The Ice Age, having served its purpose, which was to get you watching, was not heard of again for a long time. Instead we saw a round-up of weather-research world wide, accompanied by the standard litany of computer-worship. ‘A mathematical model of this storm’ (footage of storm) ‘is raging in the circuits of a computer’ (footage of computer). Many computers were fated to appear in the show and perform their dreary number. Other devices, though, were weird enough to keep interest flickering. Professor Fujita, a Japanese tornado expert, had built a blender-sized gizmo which duplicated the mighty wind in miniature. Smoke gathered, spiralled and collapsed. Professor Fujita, who looked inscrutable, was one of many Japanese scientists who were to appear throughout the programme, eventually outnumbering the computers.

‘Tight little eddies... invisible feelers of rising air... a day in the life of one cloud-cluster.’ The script was rich in the vividness that reveals nothing. In this context, foreign professors gained undue value as light relief. Klaus Wyrtki of Hawaii was a student of currents, and thought ‘zat zer zerge in zer kernt’ had something to do with ‘zer trate vints.’ ‘Fifi robbed the world of a large crop of bananas,’ Soames found himself intoning, as the script milked a hurricane for human interest. But by then it was interval, and time for a quick cuppa while wondering if the polar bear had caught up with Magnus.

Part Two started off again with the Ice Age, whose imminence was foretold by the wind patterns. Professor Reid Bryson placidly warned that the jig was up, but Professor Bert Bolin of Sweden seemed more optimistic. ‘There is a lot of öl and there are vast amounts of cöl left.’ We should watch out, however, for excess carbon dioxide, which threatens to overheat the atmosphere. According to my own computations, carried out on an abacus, this would be highly desirable, since it would hold back the Ice Age and keep the polar bear from eating Magnus. ‘The dim predictions of an advancing desert may be right,’ mused Soames, ‘and they may not’ A sample of mud was correctly described as ‘meaningless mud to the casual eye.’

Japanese scientists swarmed. We were shown for the nth time how a research team ‘communicates with a powerful computer.’ Magnus, still in one piece, was back on top of the world. Persil fell from the gantry, representing snow. ‘According to old Norse Folk Lore... end of the world.’

‘The Weather Machine’ was son and heir to last year’s blockbuster ‘The Life Game,’ which was similarly elephantine and trivial, and pioneered the dubious technique of using a lavish budget to flesh out a nebulous script, with Science in the star part. In both cases it looked as if the narrative had been written around the footage. I have seen this kind of epic compared to series like ‘Civilisation’ or ‘America,’ but really there is no similarity, because those were personal views, whereas the science blockbuster tends to be a collective picture, eclectic from the beginning. It has become a very bad tradition and ought to he given up.
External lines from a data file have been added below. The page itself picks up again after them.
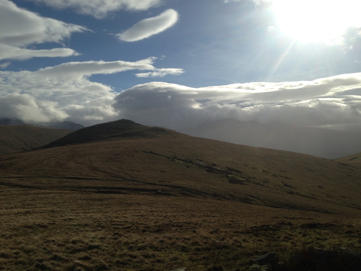 There are some places you come across and find yourself thinking “Why have I never even heard of this place before, let alone visited”, that was exactly how I felt as I came face to face with Aber Falls. I’d parked in the village of Abergwyngregyn and made my way along narrow country lanes following the route of Afon Aber. My route then left the road and continued to follow the line of the valley as it gradually climbed towards the falls. Being half term the path was busy with other walkers, but even the (smallish) crowds couldn’t take away from the grandeur of the falls where the Afon Goch drops 120 feet over the sheer rock face. I left the Falls on the North Wales Path and crossed into open country at the foot of the valley below Moel Wnion. It was rough, pathless walking as I contoured round the hillside with deep gouges in the land necessitating the occasional diversion and spectacular cloud formations looming ahead. Eventually I rounded the hill and was greeted with the sight of the spectacular sheepfolds that flank the lower slopes of Gyrn. After grabbing a sandwich on the summit, where a small shelter provided welcome respite from the buffeting wind, I continued across the Llefn and onto Moel Faban. Moel Faban is dotted with cairns and ruins which are thought by many to date from the Iron Age. There is certainly plenty of evidence around and with the cloud low and the snow topped Carneddau in the distance it was a very atmospheric spot for a second lunch. In the distance the mass of back lit cloud over the quarry beyond Bethesda made it look like something out of Tolkein, a Welsh Mordor if you like.
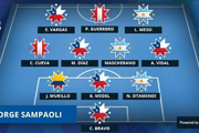 美洲杯最佳阵容 智利5人入选梅西领衔
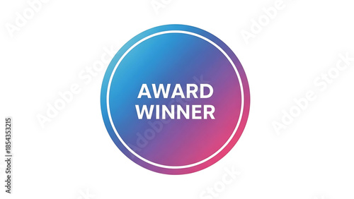 Circular award winner badge with a blue to pink gradient background and white text stating 'award winner' inside a white border, representing achievement
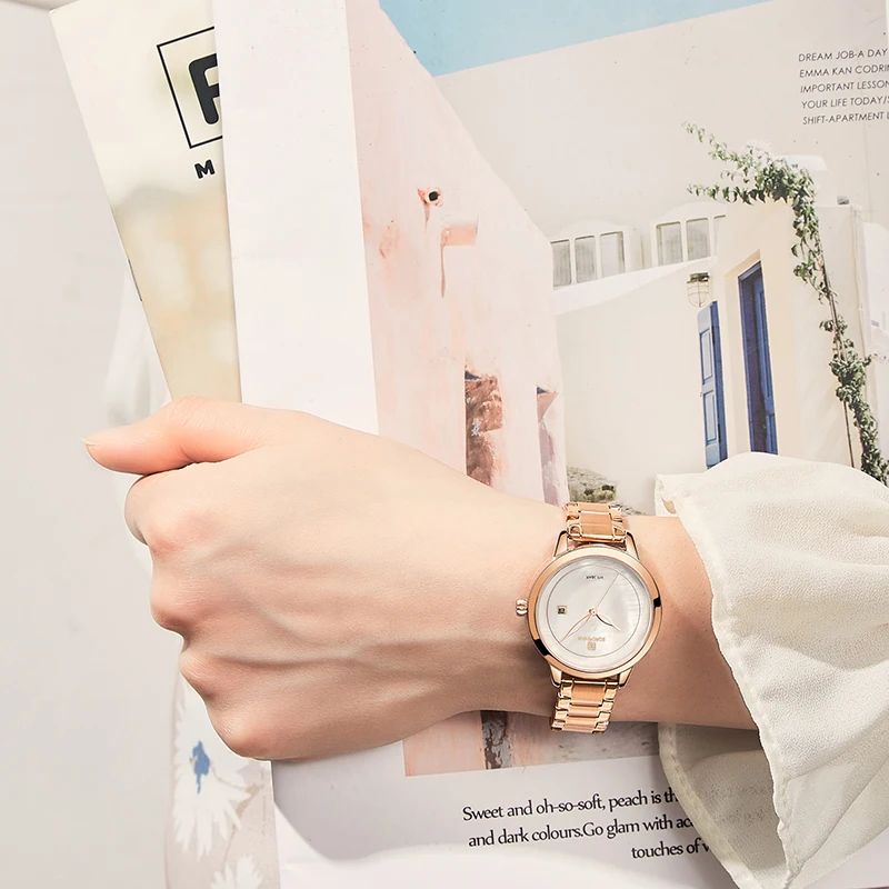 Женские кварцевые наручные часы NAVIFORCE, розовое золото, 5008
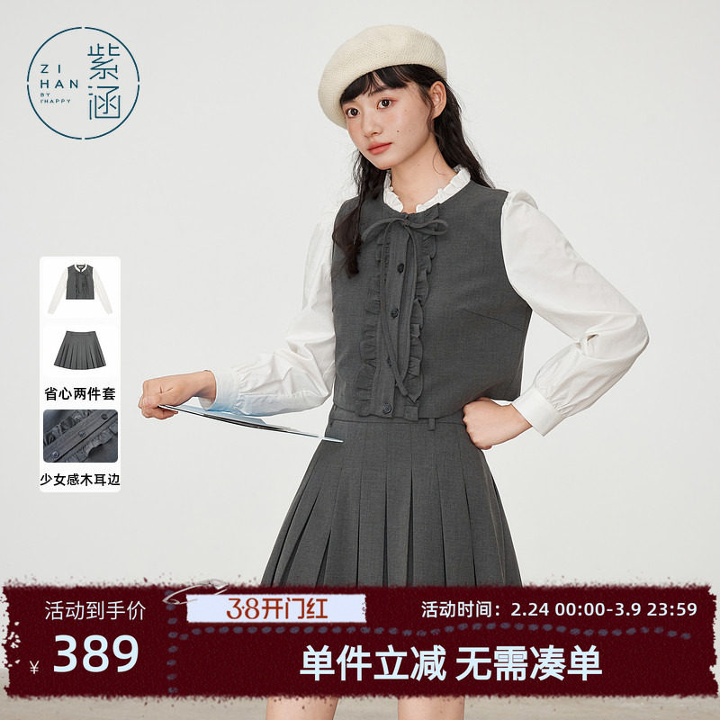 紫涵木耳边假两件拼接长袖衬衫a字百褶短裙两件套装女春秋季新款

The Mighty Continent (BBC1), on the other hand, is similar to ‘Civilisation’ and ‘America,’ except that it has none of their virtues, and is really Peter Ustinov’s standard after-dinner speech about his grandfather, except that he delivers it in various European capitals. But Cakes and Ale (BBC2) is excellently done. Maugham is, of course, ideal dramatic material, being all character-points and no style, which leaves plenty of room for fruitful activity on the part of everyone from the director to the wardrobe mistress. Since most of the characters spend a good deal of their time standing around discussing what a vital, generous, warm-blooded creature Rosie is, it is something of a triumph that Judy Cornwell, who is playing her, should be able to race on and actually convince us that she is vital, generous and warm-blooded.

Jennie (Thames) is ageing even more slowly than Glencora: while the boys around her turn to men and the men turn to doddering fools, she goes on looking exactly like Lee Remick. I was getting set to be divertingly snide about this, but then it all happened in Beit Shean, and then it happened again in Birmingham, and the thrill was gone. Polar bears, coming nearer.